Geodesic
z-Stable ASH Algebras
Canadian journal of mathematics, Tome 60 (2008) no. 3, pp. 703-720

Voir la notice de l'article provenant de la source Cambridge University Press

The Jiang–Su algebra $Z$ has come to prominence in the classification program for nuclear ${{C}^{*}}$ -algebras of late, due primarily to the fact that Elliott’s classification conjecture in its strongest form predicts that all simple, separable, and nuclear ${{C}^{*}}$ -algebras with unperforated $\text{K}$ -theory will absorb $Z$ tensorially, i.e., will be $Z$ -stable.
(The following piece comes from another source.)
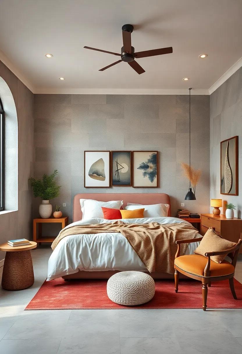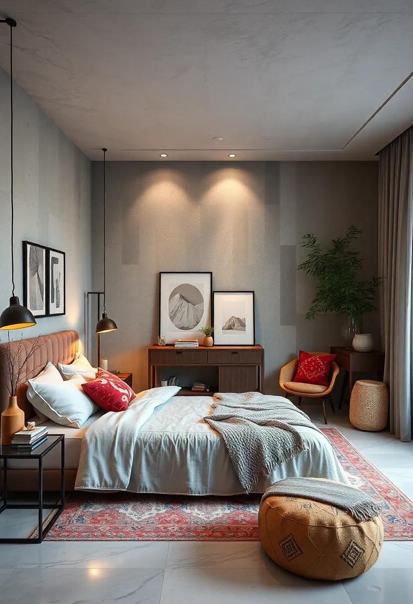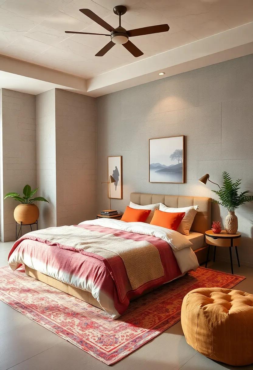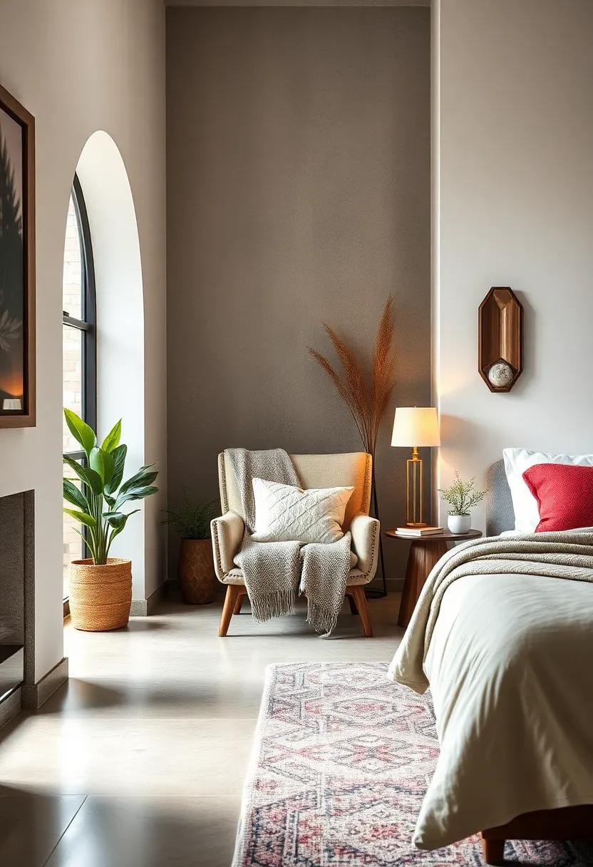 In addition to larger items, small decorative accents can have a significant impact. Think about integrating colorful throw pillows with geometric patterns or even a bright throw blanket draped over the foot of the bed. You could also opt for colorful candles in varied heights, artfully arranged on a tray to add both scent and aesthetic appeal. To elevate the experience, consider a table arrangement that pairs vibrant flowers with structured greenery, ensuring your serene retreat has just the right burst of energy without overwhelming the senses.

There exist counterexamples which suggest that the conjecture will only hold for simple, nuclear, separable and $Z$ -stable ${{C}^{*}}$ -algebras. We prove that virtually all classes of nuclear ${{C}^{*}}$ -algebras for which the Elliott conjecture has been confirmed so far consist of $Z$ -stable ${{C}^{*}}$ -algebras. This follows in large part from the following result, also proved herein: separable and approximately divisible ${{C}^{*}}$ -algebras are $Z$ -stable.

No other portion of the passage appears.